§ TASK GOAL
Word for word, restate the listing that follows and leave out the images.

§ RECORD EXCERPTS
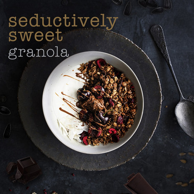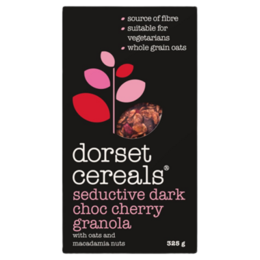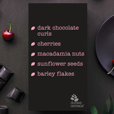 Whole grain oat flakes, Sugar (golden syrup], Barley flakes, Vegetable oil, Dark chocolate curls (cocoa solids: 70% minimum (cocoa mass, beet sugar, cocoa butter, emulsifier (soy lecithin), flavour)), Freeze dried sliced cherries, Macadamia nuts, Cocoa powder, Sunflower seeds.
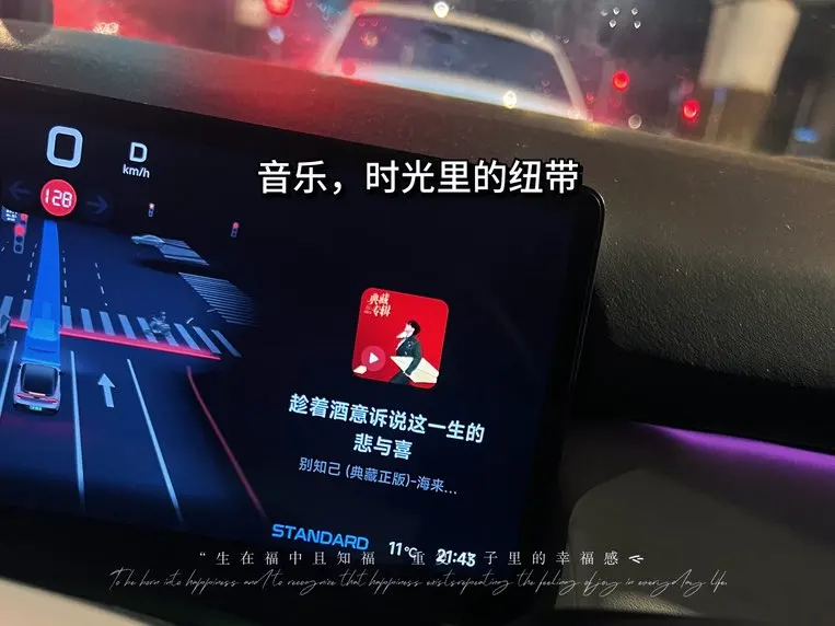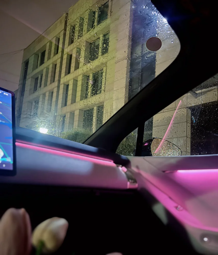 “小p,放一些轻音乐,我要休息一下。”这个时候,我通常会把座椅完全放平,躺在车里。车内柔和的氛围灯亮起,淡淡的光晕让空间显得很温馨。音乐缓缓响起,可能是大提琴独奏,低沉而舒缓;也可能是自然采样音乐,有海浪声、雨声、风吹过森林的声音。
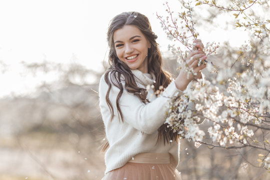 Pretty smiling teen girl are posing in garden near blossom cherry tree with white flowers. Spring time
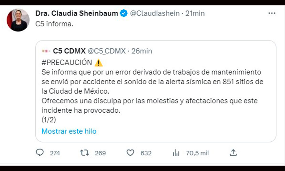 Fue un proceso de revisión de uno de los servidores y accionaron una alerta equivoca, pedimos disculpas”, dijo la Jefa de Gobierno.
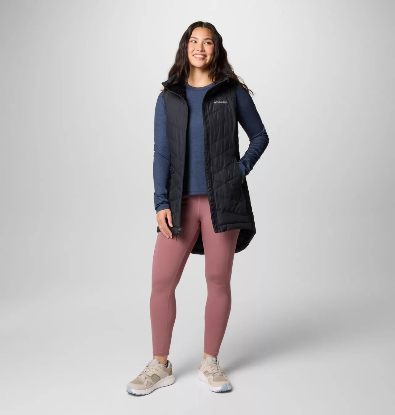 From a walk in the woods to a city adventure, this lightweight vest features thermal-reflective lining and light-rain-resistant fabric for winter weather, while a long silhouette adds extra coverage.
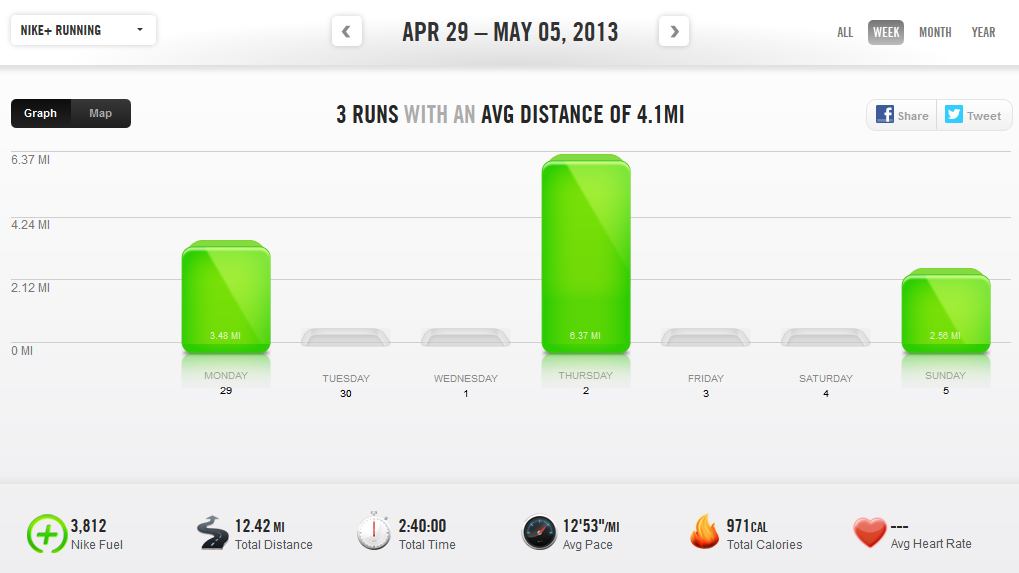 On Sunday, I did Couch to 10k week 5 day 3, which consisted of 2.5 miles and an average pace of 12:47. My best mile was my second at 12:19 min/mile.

§ TASK RESPONSE
 Whole grain oat flakes, Sugar (golden syrup], Barley flakes, Vegetable oil, Dark chocolate curls (cocoa solids: 70% minimum (cocoa mass, beet sugar, cocoa butter, emulsifier (soy lecithin), flavour)), Freeze dried sliced cherries, Macadamia nuts, Cocoa powder, Sunflower seeds.
 “小p,放一些轻音乐,我要休息一下。”这个时候,我通常会把座椅完全放平,躺在车里。车内柔和的氛围灯亮起,淡淡的光晕让空间显得很温馨。音乐缓缓响起,可能是大提琴独奏,低沉而舒缓;也可能是自然采样音乐,有海浪声、雨声、风吹过森林的声音。
 Pretty smiling teen girl are posing in garden near blossom cherry tree with white flowers. Spring time
 Fue un proceso de revisión de uno de los servidores y accionaron una alerta equivoca, pedimos disculpas”, dijo la Jefa de Gobierno.
 From a walk in the woods to a city adventure, this lightweight vest features thermal-reflective lining and light-rain-resistant fabric for winter weather, while a long silhouette adds extra coverage.
 On Sunday, I did Couch to 10k week 5 day 3, which consisted of 2.5 miles and an average pace of 12:47. My best mile was my second at 12:19 min/mile.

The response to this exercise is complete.